▸ **WHAT THE EXERCISE ASKS**:
Retype all of the lines below with no changes.

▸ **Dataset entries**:
========================================================================

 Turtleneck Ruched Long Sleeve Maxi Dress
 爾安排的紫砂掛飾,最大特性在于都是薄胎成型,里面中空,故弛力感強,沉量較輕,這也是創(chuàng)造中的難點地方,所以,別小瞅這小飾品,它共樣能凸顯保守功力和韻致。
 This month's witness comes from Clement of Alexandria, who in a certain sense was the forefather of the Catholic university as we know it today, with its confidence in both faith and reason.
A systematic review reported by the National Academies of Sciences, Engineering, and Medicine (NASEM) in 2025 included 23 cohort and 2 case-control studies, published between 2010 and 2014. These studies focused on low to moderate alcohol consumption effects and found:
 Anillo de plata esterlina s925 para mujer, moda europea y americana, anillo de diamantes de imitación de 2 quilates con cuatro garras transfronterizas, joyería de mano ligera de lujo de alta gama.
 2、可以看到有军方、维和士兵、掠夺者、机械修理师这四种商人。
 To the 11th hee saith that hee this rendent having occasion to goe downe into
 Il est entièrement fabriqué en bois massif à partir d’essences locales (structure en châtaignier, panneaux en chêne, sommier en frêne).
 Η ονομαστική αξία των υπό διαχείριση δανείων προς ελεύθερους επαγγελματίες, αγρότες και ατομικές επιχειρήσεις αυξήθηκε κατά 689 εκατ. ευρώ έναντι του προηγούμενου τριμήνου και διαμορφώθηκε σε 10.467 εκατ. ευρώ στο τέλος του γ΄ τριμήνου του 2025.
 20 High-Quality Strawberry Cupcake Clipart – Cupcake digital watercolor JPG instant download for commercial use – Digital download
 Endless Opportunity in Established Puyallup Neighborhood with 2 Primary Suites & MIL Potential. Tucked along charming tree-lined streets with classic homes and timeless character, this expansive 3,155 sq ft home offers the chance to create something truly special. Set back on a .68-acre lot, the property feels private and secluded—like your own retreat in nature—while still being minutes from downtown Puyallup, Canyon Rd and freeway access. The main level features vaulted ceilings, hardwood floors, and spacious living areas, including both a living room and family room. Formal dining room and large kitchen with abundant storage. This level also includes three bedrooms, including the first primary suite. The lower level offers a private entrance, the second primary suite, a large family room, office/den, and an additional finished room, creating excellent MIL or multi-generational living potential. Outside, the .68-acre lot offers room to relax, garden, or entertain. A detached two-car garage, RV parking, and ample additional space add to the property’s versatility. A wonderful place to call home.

========================================================================

▸ **OUTPUT**:
 Turtleneck Ruched Long Sleeve Maxi Dress
 爾安排的紫砂掛飾,最大特性在于都是薄胎成型,里面中空,故弛力感強,沉量較輕,這也是創(chuàng)造中的難點地方,所以,別小瞅這小飾品,它共樣能凸顯保守功力和韻致。
 This month's witness comes from Clement of Alexandria, who in a certain sense was the forefather of the Catholic university as we know it today, with its confidence in both faith and reason.
A systematic review reported by the National Academies of Sciences, Engineering, and Medicine (NASEM) in 2025 included 23 cohort and 2 case-control studies, published between 2010 and 2014. These studies focused on low to moderate alcohol consumption effects and found:
 Anillo de plata esterlina s925 para mujer, moda europea y americana, anillo de diamantes de imitación de 2 quilates con cuatro garras transfronterizas, joyería de mano ligera de lujo de alta gama.
 2、可以看到有军方、维和士兵、掠夺者、机械修理师这四种商人。
 To the 11th hee saith that hee this rendent having occasion to goe downe into
 Il est entièrement fabriqué en bois massif à partir d’essences locales (structure en châtaignier, panneaux en chêne, sommier en frêne).
 Η ονομαστική αξία των υπό διαχείριση δανείων προς ελεύθερους επαγγελματίες, αγρότες και ατομικές επιχειρήσεις αυξήθηκε κατά 689 εκατ. ευρώ έναντι του προηγούμενου τριμήνου και διαμορφώθηκε σε 10.467 εκατ. ευρώ στο τέλος του γ΄ τριμήνου του 2025.
 20 High-Quality Strawberry Cupcake Clipart – Cupcake digital watercolor JPG instant download for commercial use – Digital download
 Endless Opportunity in Established Puyallup Neighborhood with 2 Primary Suites & MIL Potential. Tucked along charming tree-lined streets with classic homes and timeless character, this expansive 3,155 sq ft home offers the chance to create something truly special. Set back on a .68-acre lot, the property feels private and secluded—like your own retreat in nature—while still being minutes from downtown Puyallup, Canyon Rd and freeway access. The main level features vaulted ceilings, hardwood floors, and spacious living areas, including both a living room and family room. Formal dining room and large kitchen with abundant storage. This level also includes three bedrooms, including the first primary suite. The lower level offers a private entrance, the second primary suite, a large family room, office/den, and an additional finished room, creating excellent MIL or multi-generational living potential. Outside, the .68-acre lot offers room to relax, garden, or entertain. A detached two-car garage, RV parking, and ample additional space add to the property’s versatility. A wonderful place to call home.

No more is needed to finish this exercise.